My first big love was Ghost Chilli flavoured. If you look up the word “intense” in the dictionary there’s a photo of him (he’s also featured next to “prick” and “lying, despicable cunt”, I believe). He fucked me up good and proper, so I very actively went for vanilla when I was on the rebound from Mr. GC.
Mr. Vanilla was nice and reliable and sweet and just the most boring man on Earth. I didn’t love him, but I wanted to. Not least because I knew he would be loyal and never leave me (as Mr. Ghost Chilli had). When Mr. Vanilla proposed (with the most vanilla ring, in the most vanilla proposal of all time) the thought that went through my head was immediately “oh well, I don’t really want this but at least I know that he won’t ever leave me”.
And he didn’t. But I did eventually leave him after a few years when I met and quickly fell in love with someone who was a bit more flavourful.
I ended up marrying the new guy and we’ve been together for a couple of decades now, happily with a couple of kids and a couple of cats. He’s lovely. He’s not Ghost Chilli, but neither is he vanilla. He’s a very tasty flavour that’s kind to my metaphorical taste buds but not boring to them either. He’s a nice coconut or an interesting mint choc chip, if you will.
As someone who’s lived it, this is my assessment: There’s nothing wrong with vanilla if you’re going with vanilla because you genuinely like it.
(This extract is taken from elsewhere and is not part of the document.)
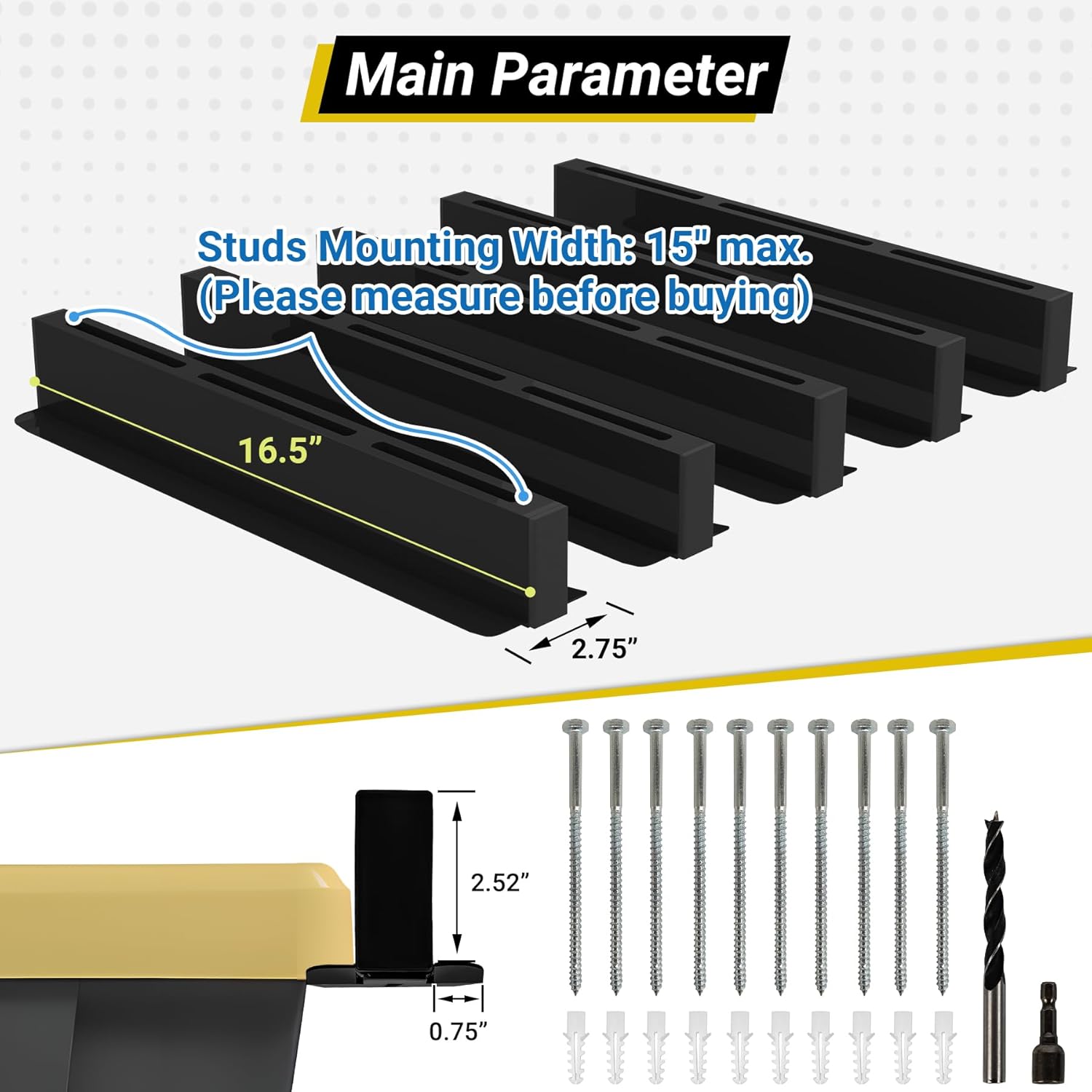 - Expandable T-shaped Structure: Our ceiling storage racks have a distinct T-shaped design. When mounted horizontally, they can hold more boxes. You can purchase extra sets to expand your storage. (Dimensions: 16.6βL x 2.75βW x 2.8βH)

If you’re going with vanilla and can taste all of the nuances of it, vanilla might just be the flavour for you. But If you’re going for vanilla just because it’s not Ghost Chilli? That won’t work. You’ll just end up resenting vanilla for not being interesting enough a flavour, which isn’t fair because it’s not vanillas fault that it tastes like vanilla.
I hope that I’ve not lost you in the flavour metaphor there.... There’s plenty to be said for vanilla in life, but not if you’re going for vanilla as a reaction to another bad flavour experience.